*** MATERIALS PROVIDED Section Begins ***
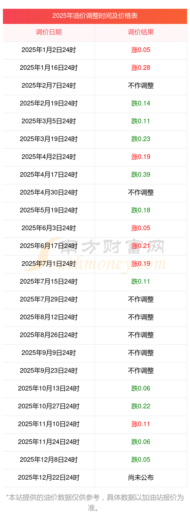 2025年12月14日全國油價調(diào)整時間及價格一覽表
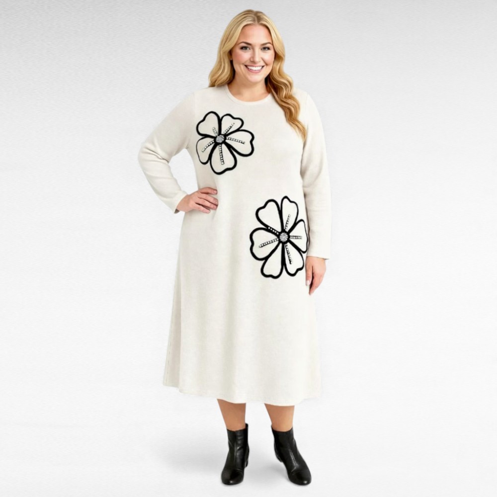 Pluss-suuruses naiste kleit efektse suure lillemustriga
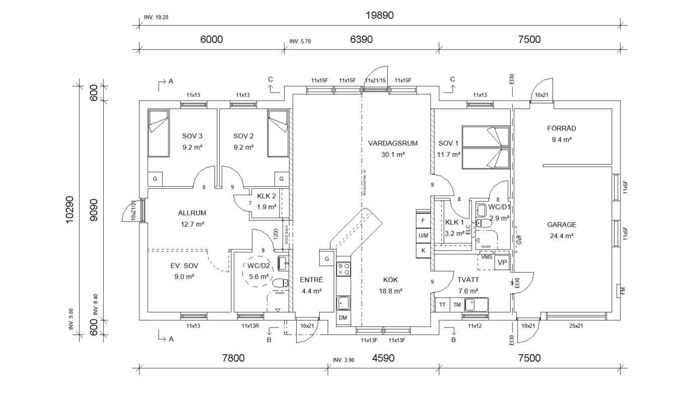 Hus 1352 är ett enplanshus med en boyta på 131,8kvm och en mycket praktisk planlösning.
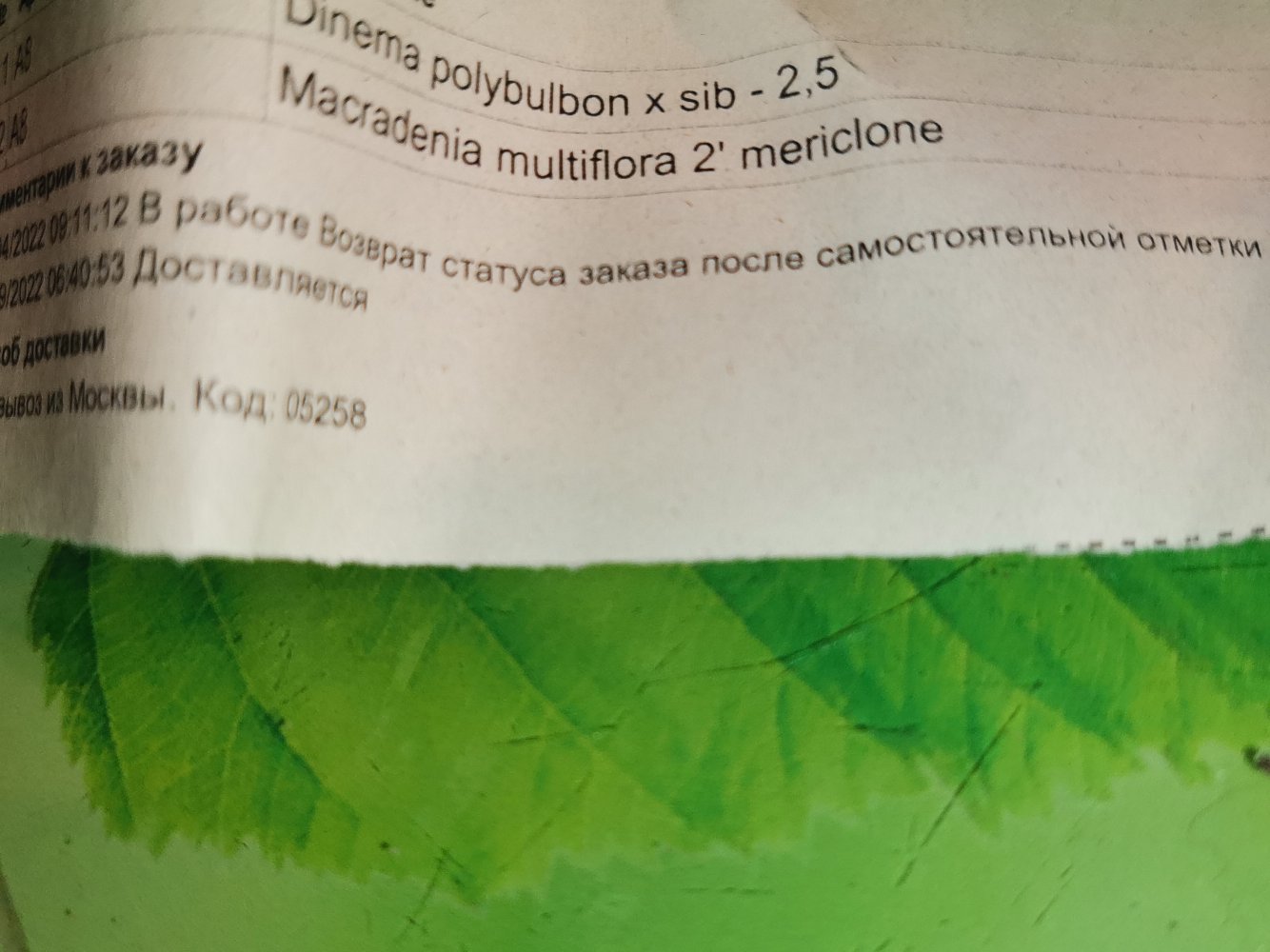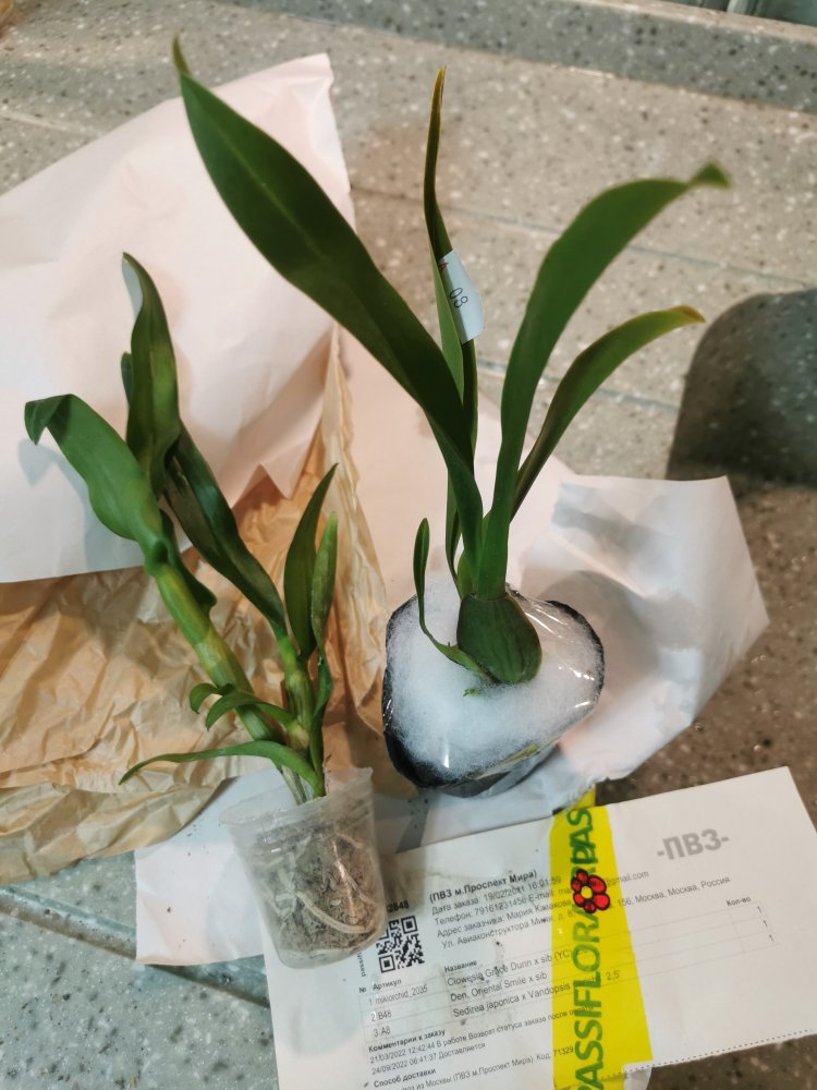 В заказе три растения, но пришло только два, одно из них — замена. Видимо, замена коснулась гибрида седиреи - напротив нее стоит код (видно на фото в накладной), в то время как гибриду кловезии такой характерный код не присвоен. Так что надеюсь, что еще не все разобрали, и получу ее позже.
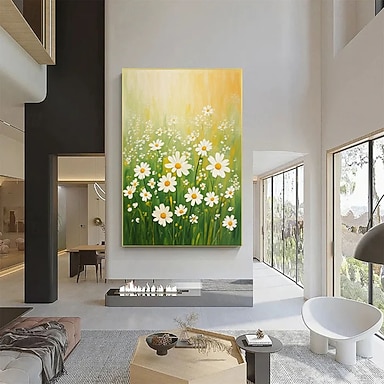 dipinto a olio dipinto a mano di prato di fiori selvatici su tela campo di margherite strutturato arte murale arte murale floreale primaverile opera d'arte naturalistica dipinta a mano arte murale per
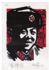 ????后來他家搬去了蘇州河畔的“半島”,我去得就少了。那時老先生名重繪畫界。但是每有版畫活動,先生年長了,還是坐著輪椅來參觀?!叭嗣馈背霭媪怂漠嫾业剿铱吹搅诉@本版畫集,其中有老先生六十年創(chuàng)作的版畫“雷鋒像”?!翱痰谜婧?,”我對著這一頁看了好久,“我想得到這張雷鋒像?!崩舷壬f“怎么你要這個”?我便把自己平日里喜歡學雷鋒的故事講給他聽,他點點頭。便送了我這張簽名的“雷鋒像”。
*** MATERIALS PROVIDED Section Ends ***
__EXERCISE DIRECTIONS__. Your reply should consist solely of the lines above from the line containing "Pluss-suuruses naiste kleit" up to and including the line containing "dipinto a olio", reproduced exactly, minus the pictures.

__RESPONSE AREA__.
 Pluss-suuruses naiste kleit efektse suure lillemustriga
 Hus 1352 är ett enplanshus med en boyta på 131,8kvm och en mycket praktisk planlösning.
 В заказе три растения, но пришло только два, одно из них — замена. Видимо, замена коснулась гибрида седиреи - напротив нее стоит код (видно на фото в накладной), в то время как гибриду кловезии такой характерный код не присвоен. Так что надеюсь, что еще не все разобрали, и получу ее позже.
 dipinto a olio dipinto a mano di prato di fiori selvatici su tela campo di margherite strutturato arte murale arte murale floreale primaverile opera d'arte naturalistica dipinta a mano arte murale per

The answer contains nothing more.